Моя попытка завязать разговор скорее всего оказалась не самой удачной. Френк Джерард отвечал механически, и у меня создалось впечатление, что его не интересуют ни мои вопросы, ни его ответы. Похоже, он присматривался ко мне, я чувствовала, что он не сводит глаз с моего лица. Кроме того, им владело какое-то странное напряжение. Время от времени, когда он отводил глаза, я украдкой бросала на него взгляд.
Когда принесли кампари, ободки стаканов были покрыты сахарной пудрой: это я запомнила. Напиток имел цвет жидкого рубина. На внешней стенке стаканов блестели капельки влаги, и я не отрывала от них глаз, пока мы разговаривали.

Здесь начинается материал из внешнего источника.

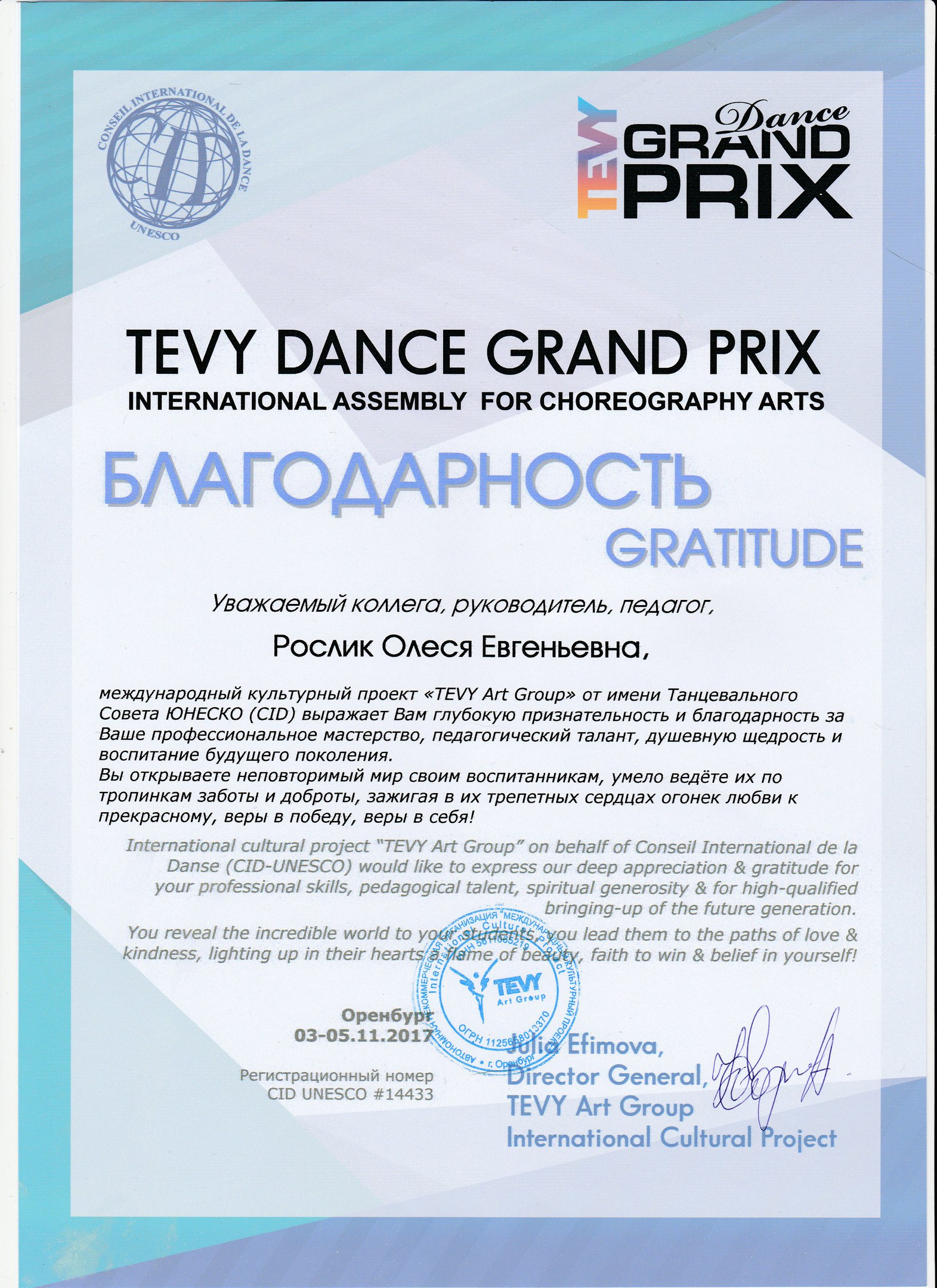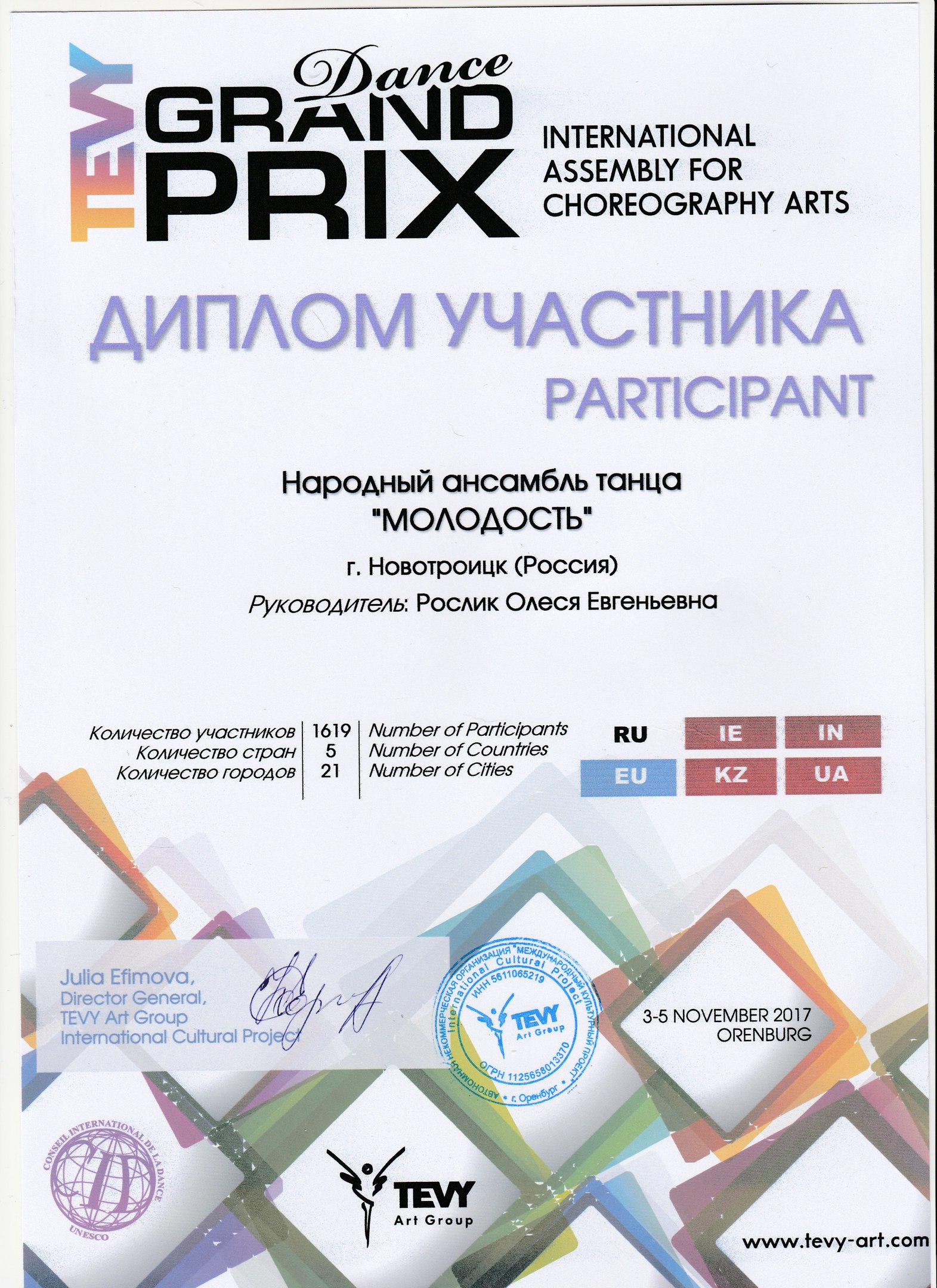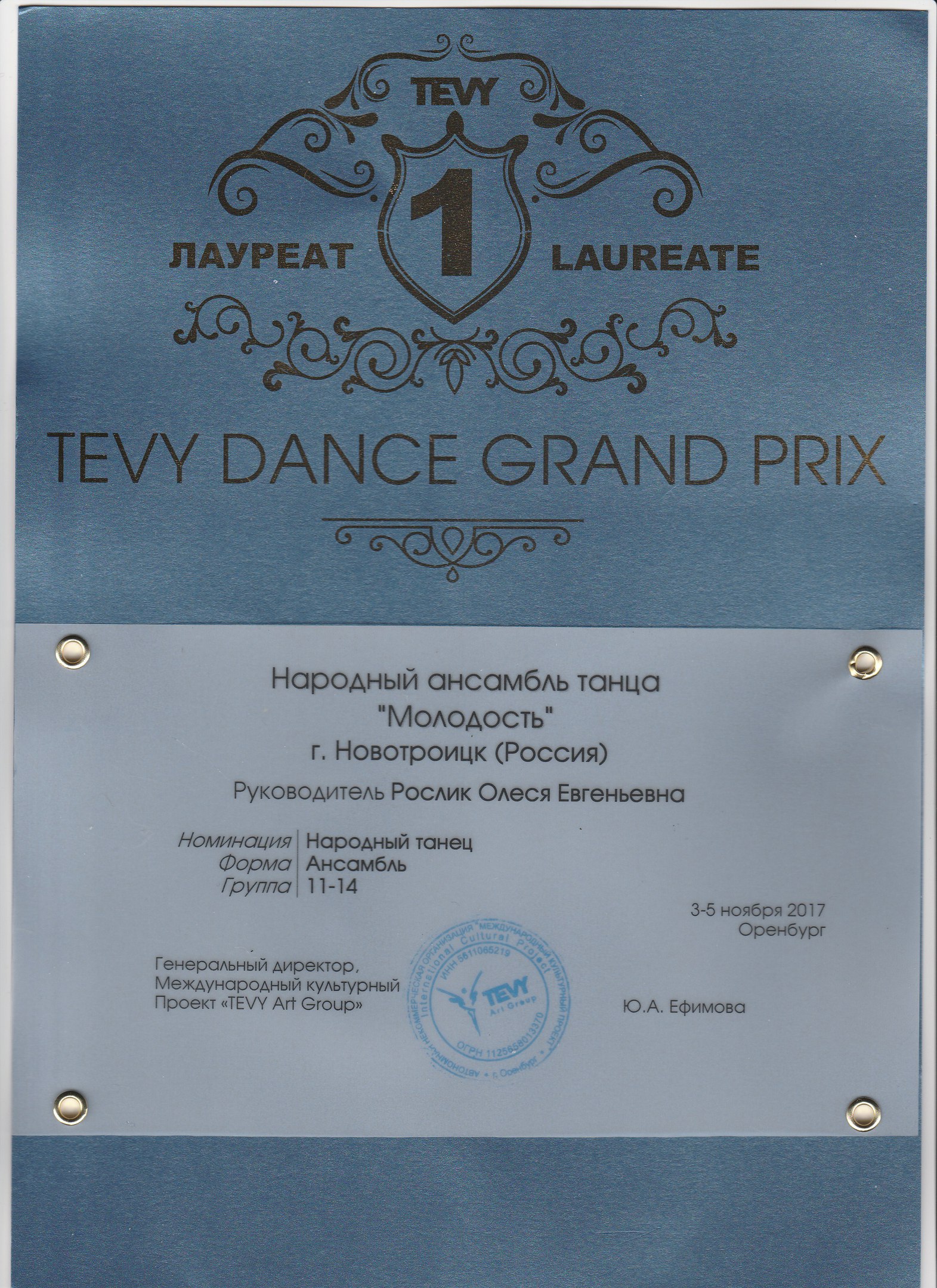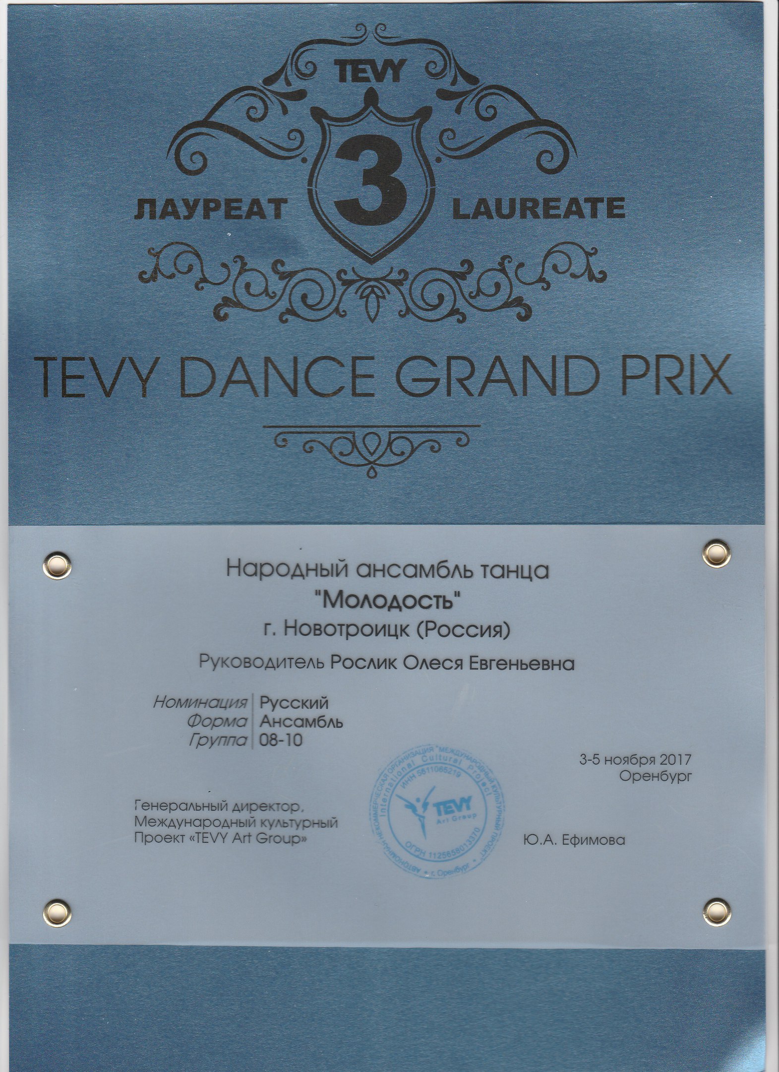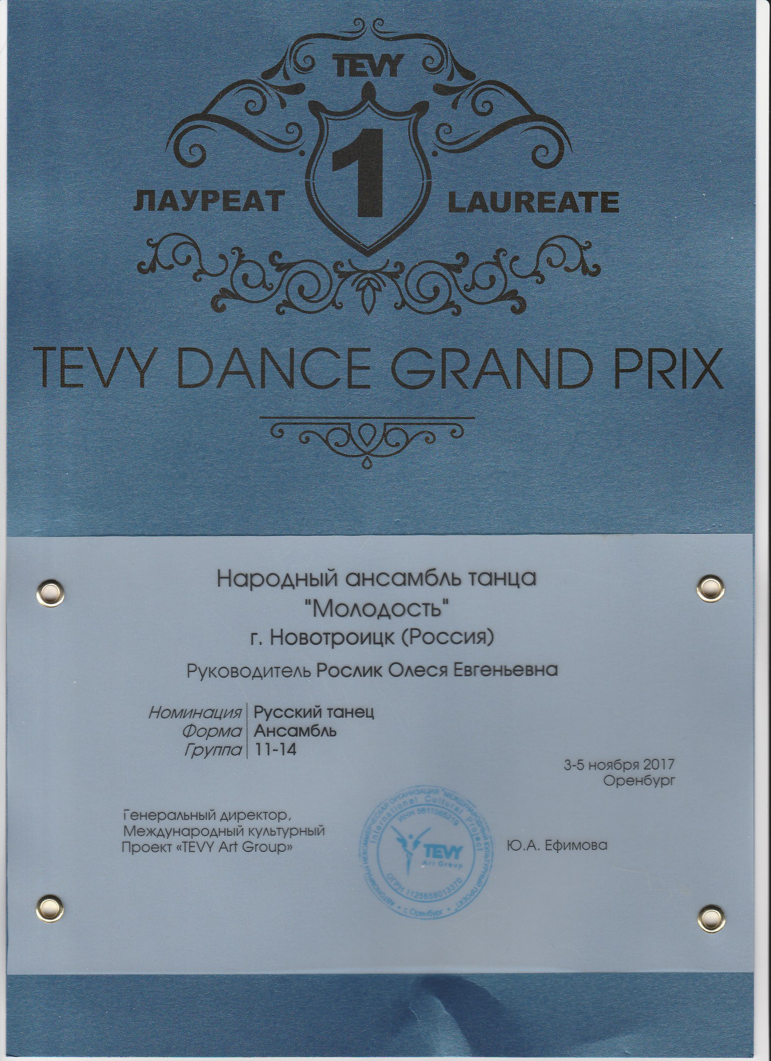 Народный ансамбль танца «Молодость», под руководством Олеси Рослик, во второй раз принял участие в Международной хореографической ассамблее "TEVY Dance Grand Prix " в Оренбурге, который проходил с 3 по 5 ноября в ДК «Россия».

Я была застенчива – результат того, что Констанца старалась господствовать в любой ситуации. Я не умела вести разговор, чувствовала себя неловко. Я никогда раньше не оставалась наедине с Френком Джерардом и поймала себя на том, что побаиваюсь его.
Мне было тогда двадцать пять лет. Френку Джерарду – двадцать семь или восемь. Он был очень высок и при таком росте худ. У него было узкое, сосредоточенное лицо, очень черные волосы, пряди которых падали ему на лоб, и глаза такого темно-карего цвета, что тоже казались черными. Как и положено ученым, у него была привычка за всем наблюдать; таков же он, подумала я, и по складу характера. Его взгляд сначала был полон внимания, а потом нетерпения, и он почти ничего не упускал из поля зрения. Я знала, что он очень умен, и раньше считала его высокомерным.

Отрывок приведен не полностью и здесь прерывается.